11 Ago 2012 - 23h28 - 4.000 caracteres

António Piedade - O livro surpreendeu-a? De que forma?

Alexandra Nobre - Paradoxalmente, sim e não. Sim, porque o livro é uma surpresa a cada esquina, que é como quem diz, a cada virar de página. Não, porque já tinha tido acesso ao “Power, Sex, Suicide: Mitochondria and the Meaning of Life” do mesmo autor, editado há uns anos e, se bem que os livros não se repitam, há algumas temáticas que se imiscuem (aliás, em “Life Ascending” Nick Lane remete para este por diversas vezes) e um estilo comum muito próprio de nos prender.

 

António Piedade - Este livro mudou algo na forma como olha agora para a evolução da vida no Universo?

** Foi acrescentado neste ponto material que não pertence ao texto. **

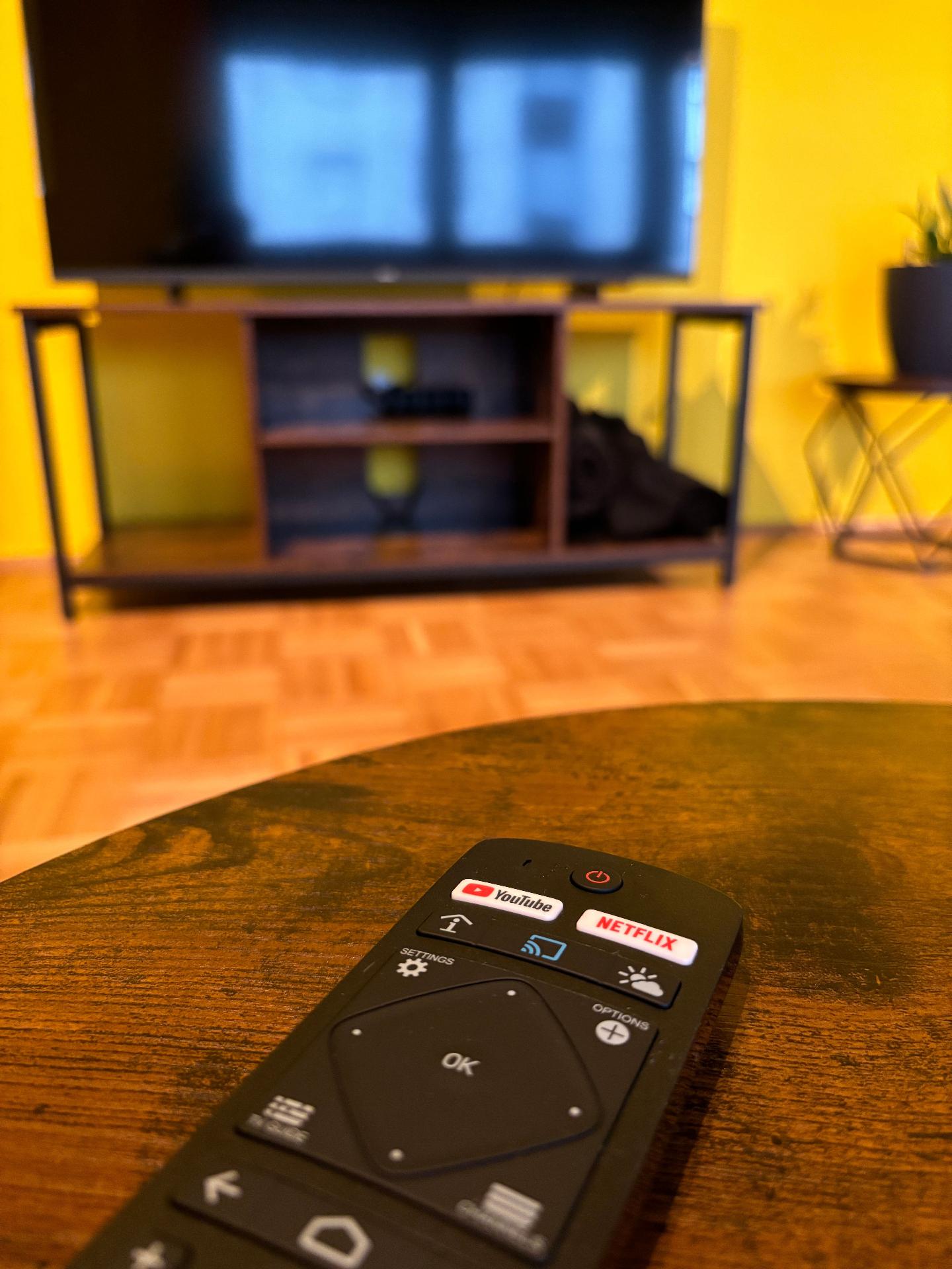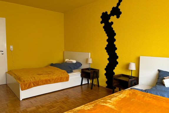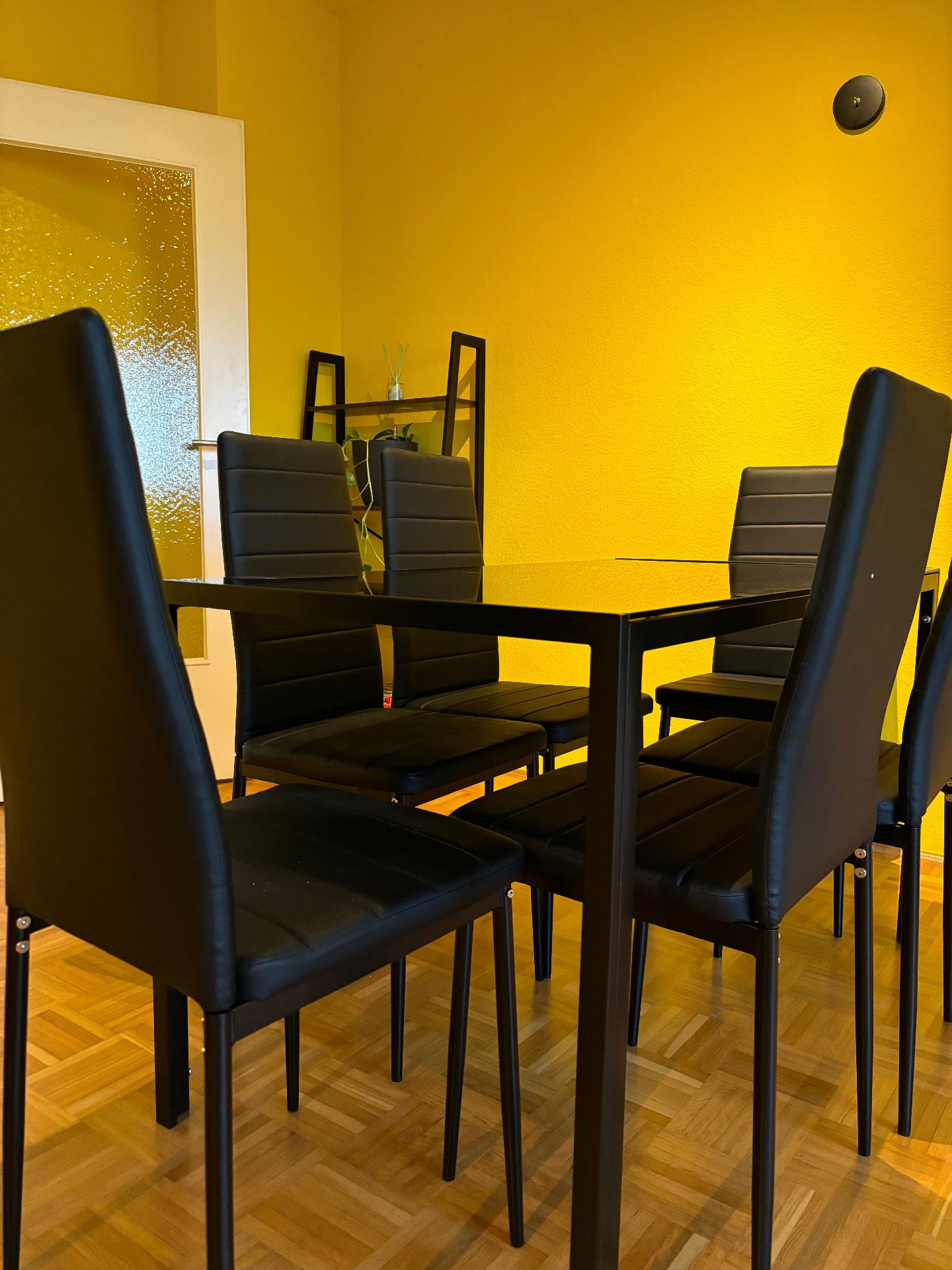 Extravagante gelbe Wände mit moderne Fußbodenbelag; diese schöne Wohnung besteht aus 2 separaten Schlafzimmern mit 4 gemütlichen Betten, ein Wohnzimmer mit Esstisch, mit einem großen Ecksofa mit Schlaffunktion, einer voll ausgestatteten Küche und einem gepflegten Bad. SmartTV und Wifi sind für Sie verfügbar. Durch die großen Fenster wirkt die ganze Wohnung hell und frisch. Auf dem Balkon können Sie Ihre Kaffee genießen oder den Abend ausklingen lassen. Alle notwendigen Einrichtungen sind vorhanden, so dass Sie sich um nichts kümmern müssen. Hier können Sie sich auch in der Ferne wie Zuhause fühlen! Bringen Sie einfach Ihr Gepäck herein!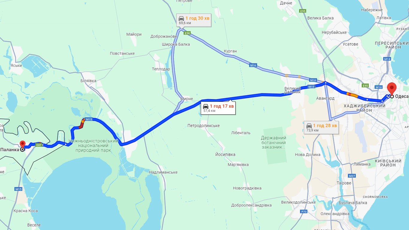 Наразі у бік Паланки є великий затор на виїзді з міста. Також скупчення автотранспорту спостерігається й перед КПП, що розташований поряд з Нижньодністровським національним природним парком. Там черга сягає близько трьох кілометрів. Ця ділянка на картах позначена червоним кольором.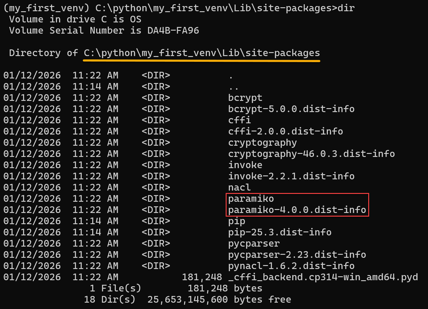 Inside the “Lib\site-packages” on the venv directory, we can see the paramiko packages: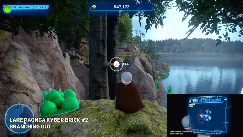 このレンガを見つけるには、巣にいるボグウィングが見える岩の多い台に飛び乗る必要があります。ライトセーバーを投げて巣を破壊し、下にある枝を明らかにします。次に、この枝とその後ろにある別の枝を使用して棒高跳びを渡り、反対側に到達して Kyber Brick を見つけることができます。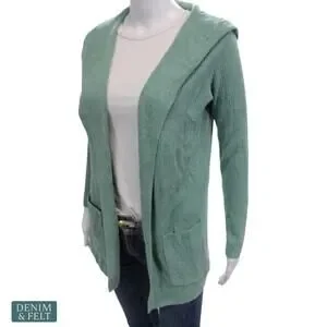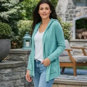 NEW Barefoot Dreams CozyChic Ultra Lite Hooded Ribbed Cardigan Aquamarine XS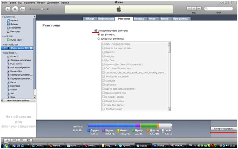 Процедура почти завершена и осталось только подсоединить мобильное устройство и синхронизировать звуки (рис. 11). После этого в телефон будет перемещен созданный рингтон, который и следует установить в качестве мелодии.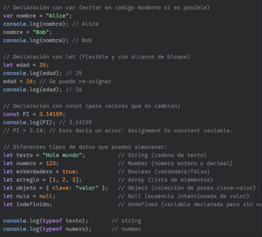 var: La forma más antigua de declarar variables. Tiene un alcance de función (o global) y puede ser re-declarada y re-asignada. (Menos usada hoy en día).

Alexandra Nobre - Inevitável e irremediavelmente. Ao longo destes meses, por diversas vezes me questionei se eu elencaria estas dez invenções como as mais notáveis da evolução. “...Começamos com a origem da vida em si e terminamos com a nossa própria morte e procura de imortalidade, passando por pontos altos como o ADN, a fotossíntese, as células complexas, o sexo, o movimento, a visão, o sangue quente e a consciência...” Se bem que algumas me pareçam incontornáveis como o ADN, a fotossíntese e o sexo, outras como o sangue quente, a visão ou mesmo o movimento, à partida já não me parecem tão óbvias e consensuais. É natural que assim seja. Aliás, Nick Lane teve conselhos noutros sentidos. Por exemplo, refere “No início discuti esta lista com um amigo que me propôs o tubo digestivo como emblemático nos animais em substituição do movimento”. Mas Nick Lane, logo na introdução refere os quatro critérios que o levaram a seleccionar estas dez invenções, e legitima deste modo a sua escolha.

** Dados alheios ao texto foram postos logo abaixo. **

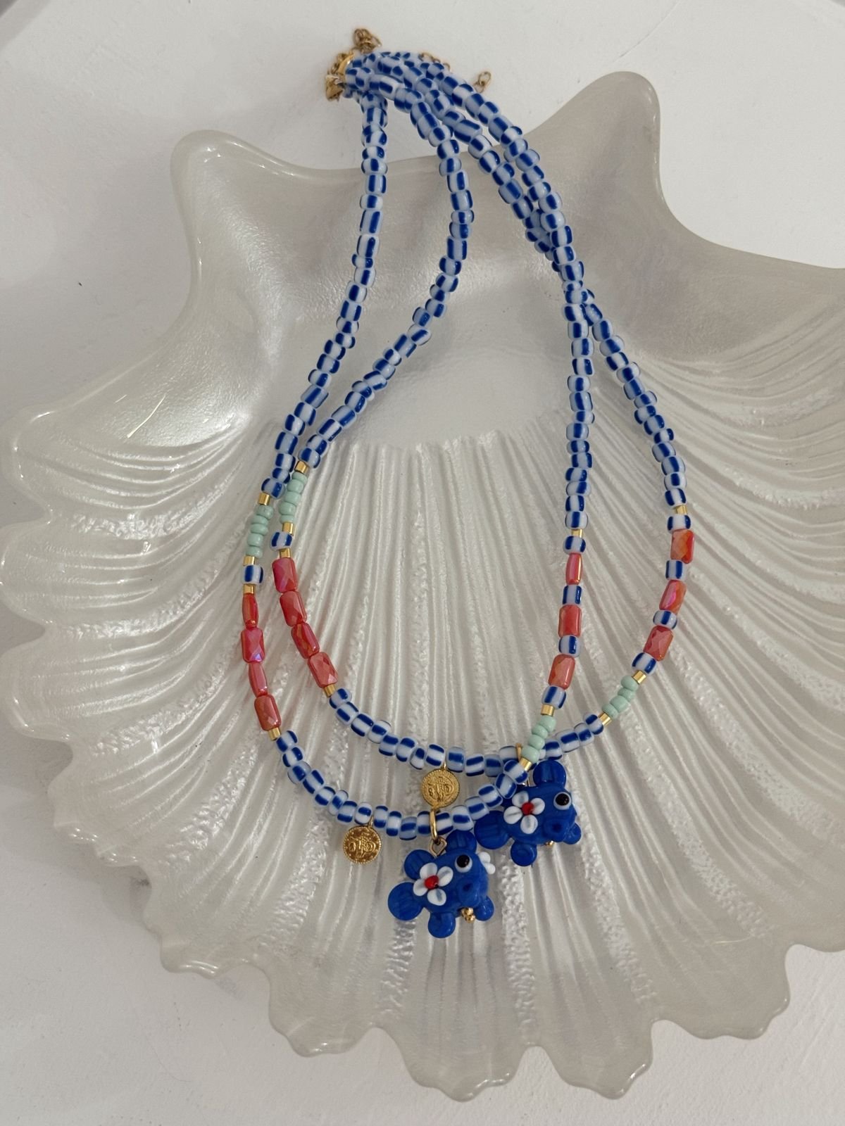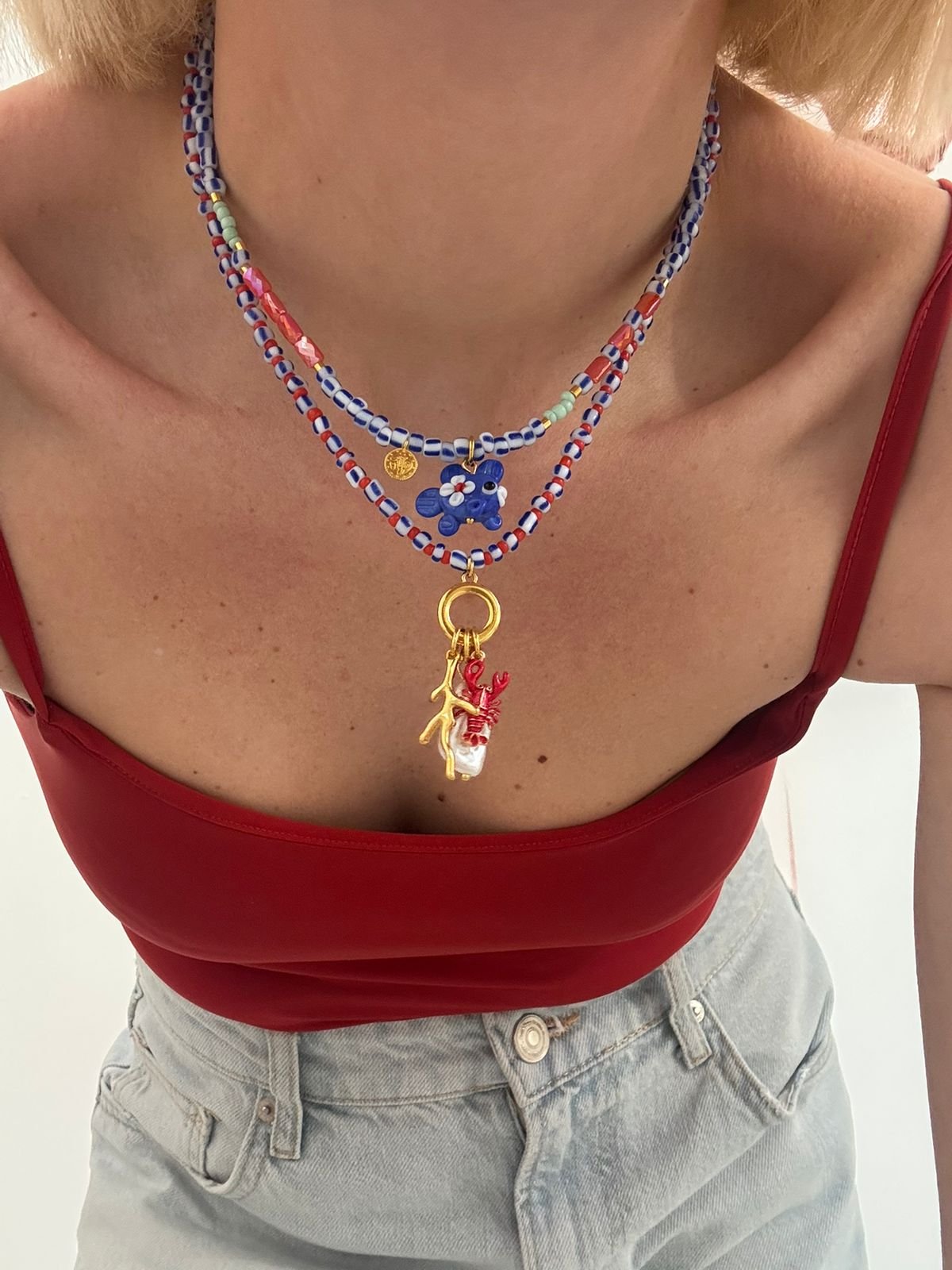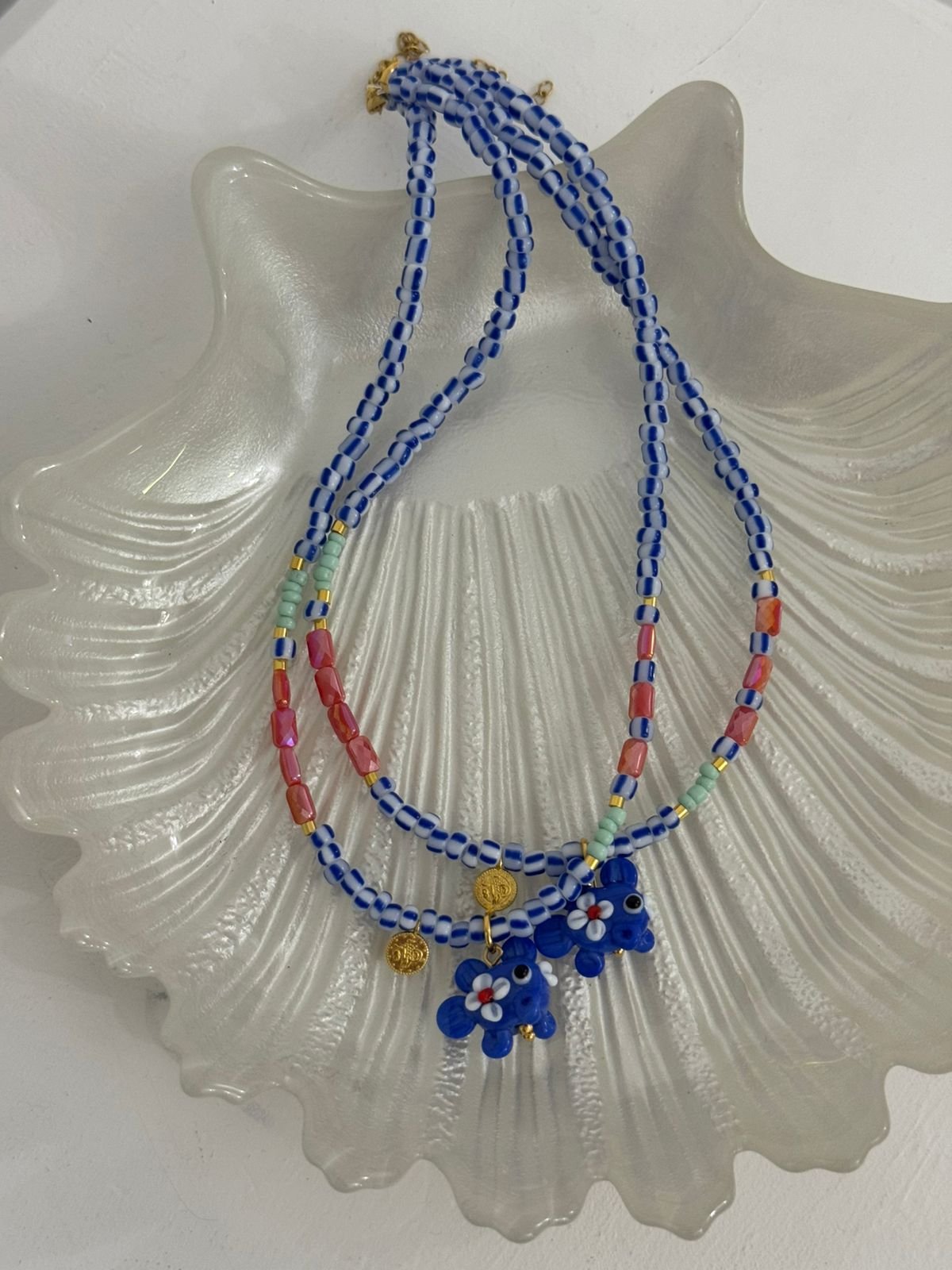 Κολιέ με χάντρες, γυάλινο και ορειχαλκινο στοιχείο.

Inevitável e irremediavelmente, dizia eu. Mas não de modo fixo e para todo o sempre. A cada dia somos confrontados com novas “evidências”, que põem em causa verdades ainda na véspera consideradas inabaláveis. Haja curiosidade e “Curiosity” e a história da evolução da vida no Universo não terá um ponto final, e muito menos um ponto final parágrafo.

 

António Piedade - Quais as dificuldades que encontrou na tradução?

Alexandra Nobre - Por um lado, as comparações constantes ao longo do texto que tornam claros, mesmo para leigos no assunto, intrincados mecanismos bioquímicos e/ou fisiológicos, não me tornaram a vida nada fácil. Por outro, o estilo de Nick Lane, muito metafórico, rico em imagens/ figuras de estilo, pejado de duplos e de triplos sentidos que dão todo um colorido e lufada de ar fresco à escrita, também foram, por vezes, nós difíceis de desatar. Mas o osso mesmo duro de roer, o que me deixou por vezes uma mulher à beira de um ataque de nervos, foi sem dúvida arranjar paralelo para algumas expressões idiomáticas ou mesmo provérbios com que tropecei frequentemente. Tentei sempre manter o cariz humorístico, irónico e mesmo sarcástico de Nick Lane e ser o mais fiel possível ao fluir do raciocínio e das ideias. Não sei se consegui. E em simultâneo, acumulei também as funções de revisão técnica e científica. Eram muitas “antenas” sintonizadas ao mesmo tempo...

 

António Piedade - Quais são os aspectos mais conseguidos e menos conseguidos, na sua perspectiva, pelo Nick Lane, ao abordar as 10 "invenções da evolução"?

Alexandra Nobre - O mais conseguido foi o modo como a história foi sendo desenrolada, capítulo a capítulo, numa lógica coerente, com uma linguagem rica, ora mais poética, ora mais brejeira, de forma clara, agradável e com uns laivos de romance policial à mistura, que nos deixavam expectantes e mesmo em suspense, de um parágrafo para o outro. Também me agradou que, sem prejuízo desta lógica, cada capítulo se bastasse e si próprio e fizesse sentido só por si. Quero com isto dizer que, na minha óptica, podemos encarar cada um dos capítulos como um “mini-livro independente” e escolher a ordem por que os lemos, sem desvirtuar o sentido de toda a obra.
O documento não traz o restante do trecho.